【发布时间】:2018-01-10 20:49:20
【问题描述】:
我已经看到多个问题展示了如何在 Prolog 中使用和不使用列表来解决河内塔问题,但是我还没有看到一种使用递归算法的方法,同时还能够输出每一步。
这是我的 Hanoi 算法代码:
move(1,[H|T],B,C,Origin,Dummy,Destination) :-
Origin = T,
Destination = [H|C],
Dummy = B.
move(Disks,Start1,Auxiliary1,End1,Sf,Af,Ef) :-
Disks>1,
M is Disks-1,
move(M,Start1,End1,Auxiliary1,S1,E1,A1),
printHanoi(S1,A1,E1),
move(1,S1,A1,E1,S2,A2,E2),
printHanoi(S2,A2,E2),
move(M,A2,S2,E2,Af,Sf,Ef),
printHanoi(Sf,Af,Ef).
printHanoi(Left,Centre,Right):-
write('L = '), write(Left),
write(' C = '), write(Centre),
write(' R = '), write(Right), nl.
使用大小为 3 ( [1,2,3] ) 的列表,输出结果如下:
L = [2,3] C = [1] R = []
L = [3] C = [1] R = [2]
L = [3] C = [] R = [1,2]
L = [3] C = [1,2] R = []
L = [] C = [1,2] R = [3]
L = [2] C = [1] R = [3]
L = [] C = [1] R = [2,3]
L = [] C = [] R = [1,2,3]
L = [] C = [] R = [1,2,3]
L = [] C = [] R = [1,2,3]
yes
忽略原始输出(意味着 L 为 [1,2,3])和最后 3 个重复的列表(不是那么重要),输出似乎有问题。
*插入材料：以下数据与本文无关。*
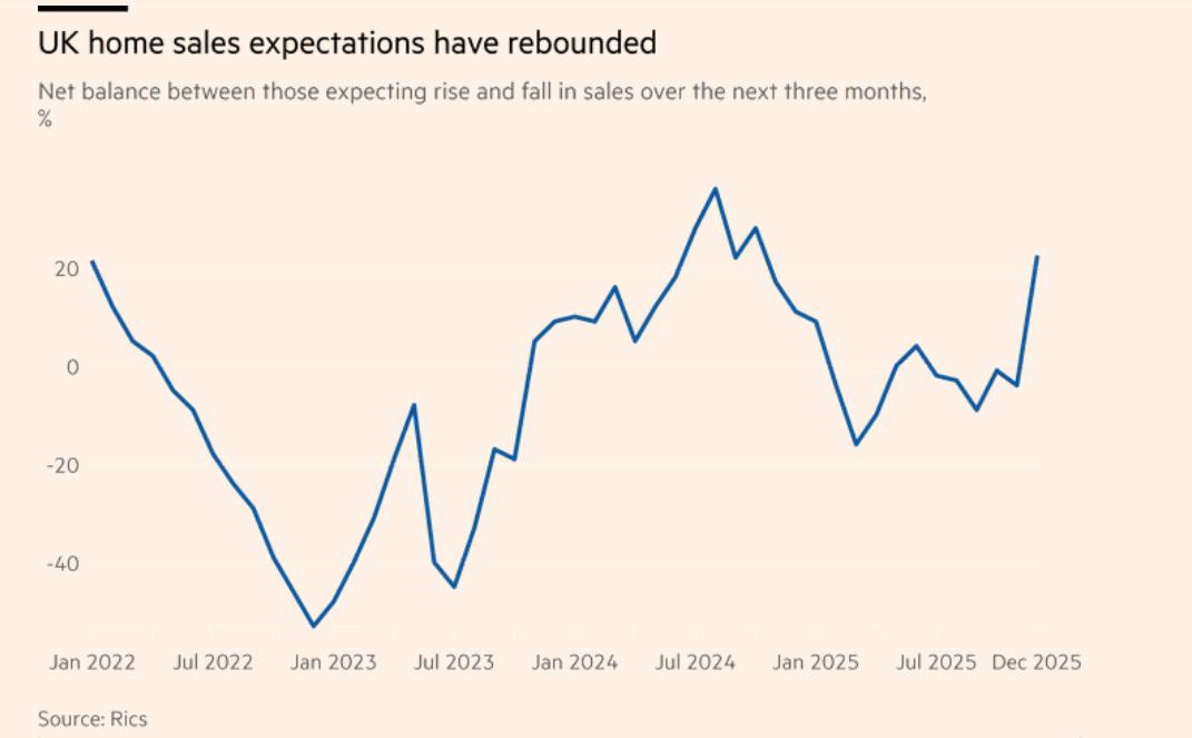 根据英国皇家特许测量师学会 (RICS) 12月份的调查,房地产专业人士对未来三个月的销售预期升至2024年10月以来的最高水平。
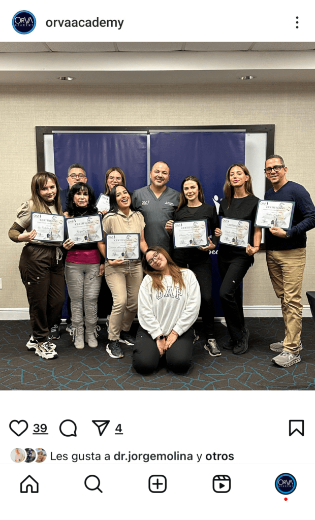 Muy agradecida con el Dr. ORTIZ POR compartir todo su conocimiento. Muy satisfecha con todo lo aprendido Orva Academy.

在很多行中,列表似乎正在相互交换。我的首选/预期输出如下:
L = [2,3] C = [] R = [1]
L = [3] C = [2] R = [1]
L = [3] C = [1,2] R = []
L = [] C = [1,2] R = [3]
L = [1] C = [2] R = [3]
L = [1] C = [] R = [2,3]
L = [] C = [] R = [1,2,3]
yes
我不确定这是否可能,我希望它是可能的,但我会尽我所能得到的帮助,因为我找不到一个合乎逻辑的方法输出河内塔问题的正确步骤顺序...
【问题讨论】:
-
取决于中间步骤的含义...
-
为此,我假设 R 和 C 已交换。输出应该是
L = [3] C = [2] R = [1]和L = [3] C =[1,2] R = []。 -
哦等等,现在我明白你的意思了。诺诺,在这个问题中,一步就可以从最左边移动到最右边。您不必一次只能越过一座塔。
-
你的
move谓词中应该只有一个printHanoi调用。 -
如果我这样做,那么一半的步骤甚至都不会显示。
标签: list recursion prolog towers-of-hanoi